Exercise instructions:
Repeat only the stretch of lines below that runs from the line with "This is a bottle" through the line with "C Controller dedicated", unaltered.

Listed records:
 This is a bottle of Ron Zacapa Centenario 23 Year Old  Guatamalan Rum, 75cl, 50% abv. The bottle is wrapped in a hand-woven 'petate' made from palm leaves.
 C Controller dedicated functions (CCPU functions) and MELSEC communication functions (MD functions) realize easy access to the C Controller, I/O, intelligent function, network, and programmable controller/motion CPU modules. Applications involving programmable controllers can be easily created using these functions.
==
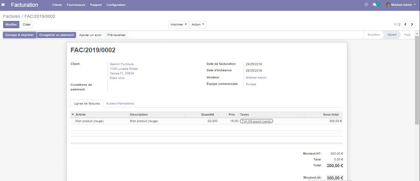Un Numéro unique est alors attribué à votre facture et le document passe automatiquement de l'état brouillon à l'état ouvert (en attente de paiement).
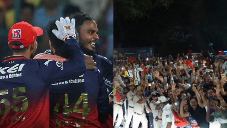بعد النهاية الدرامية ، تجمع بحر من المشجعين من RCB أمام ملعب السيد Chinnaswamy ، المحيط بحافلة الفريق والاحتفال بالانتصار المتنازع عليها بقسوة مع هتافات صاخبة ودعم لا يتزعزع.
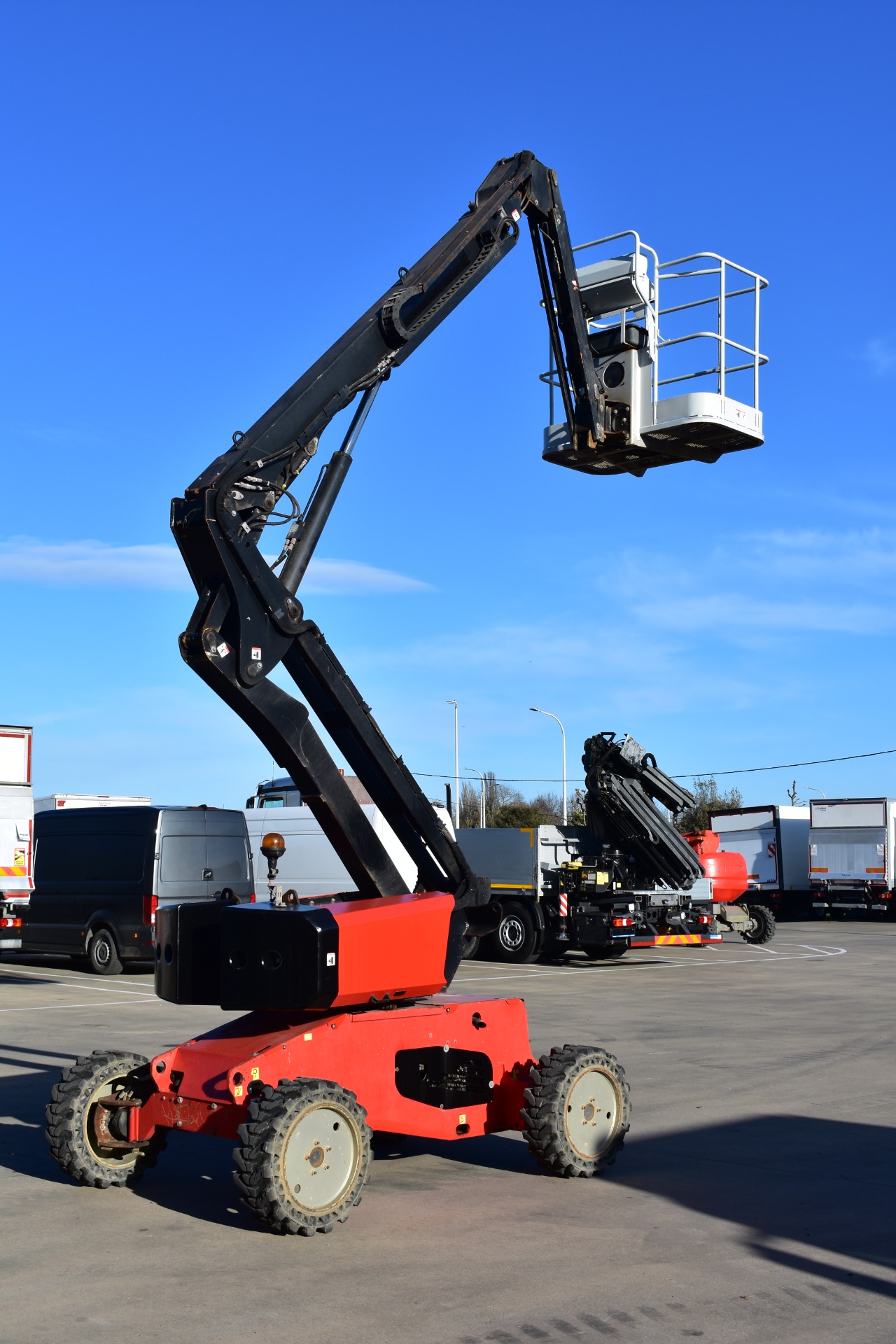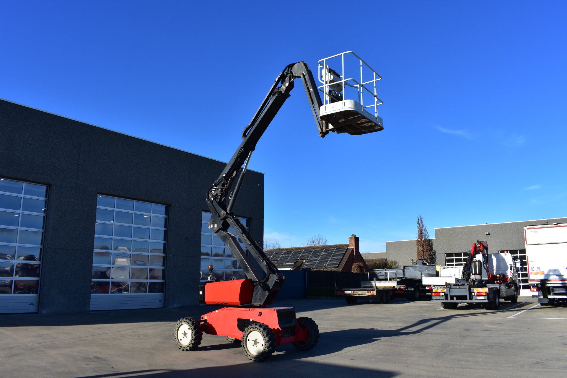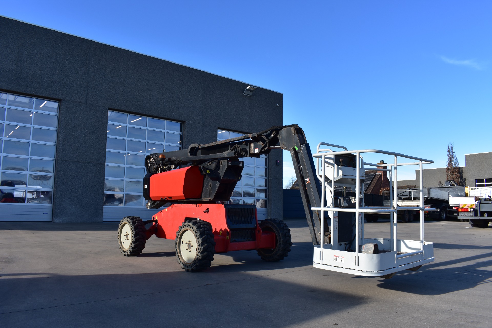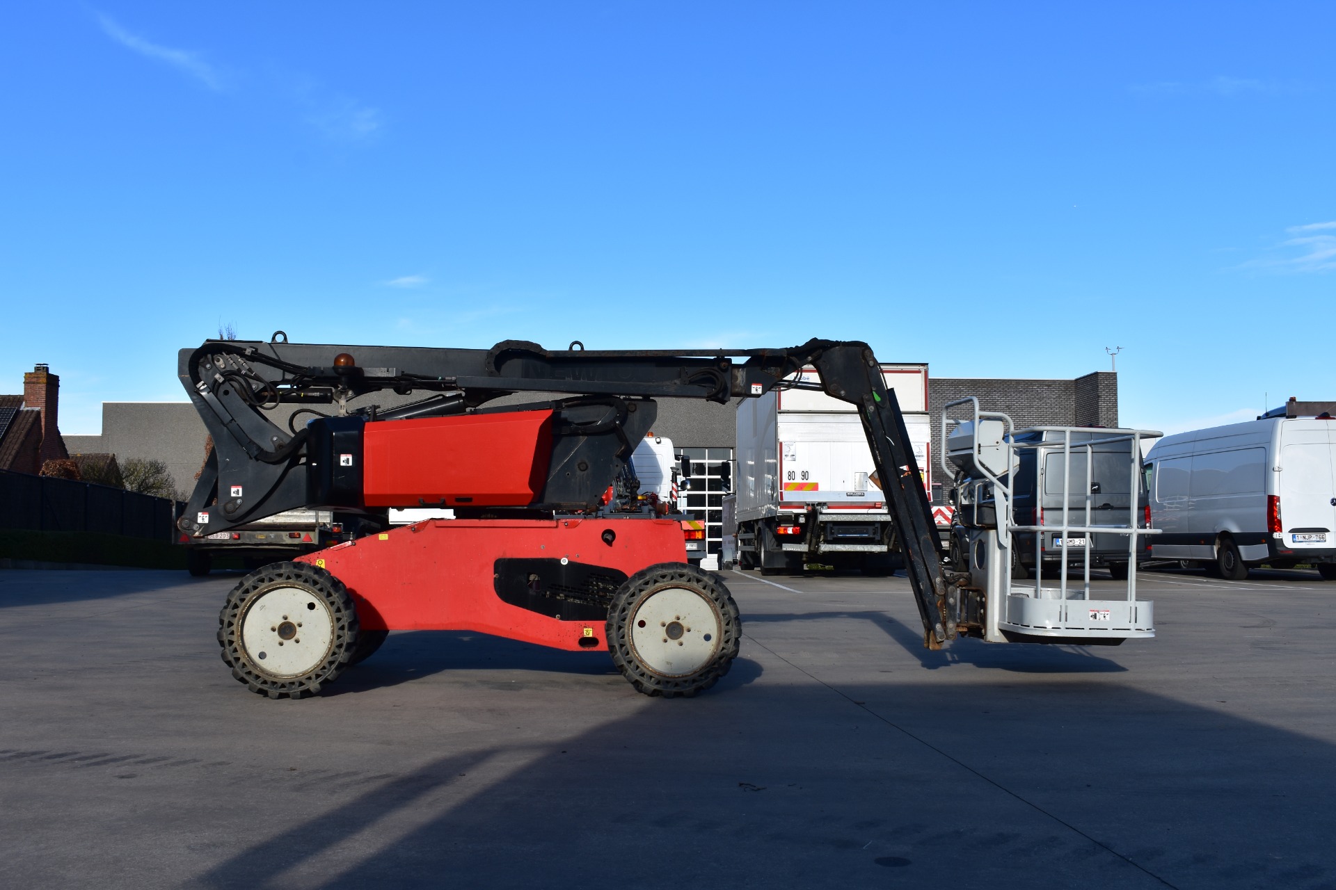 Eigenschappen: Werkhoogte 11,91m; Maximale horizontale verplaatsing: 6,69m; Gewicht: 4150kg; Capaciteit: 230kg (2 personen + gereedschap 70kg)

Problem solution:
 This is a bottle of Ron Zacapa Centenario 23 Year Old  Guatamalan Rum, 75cl, 50% abv. The bottle is wrapped in a hand-woven 'petate' made from palm leaves.
 C Controller dedicated functions (CCPU functions) and MELSEC communication functions (MD functions) realize easy access to the C Controller, I/O, intelligent function, network, and programmable controller/motion CPU modules. Applications involving programmable controllers can be easily created using these functions.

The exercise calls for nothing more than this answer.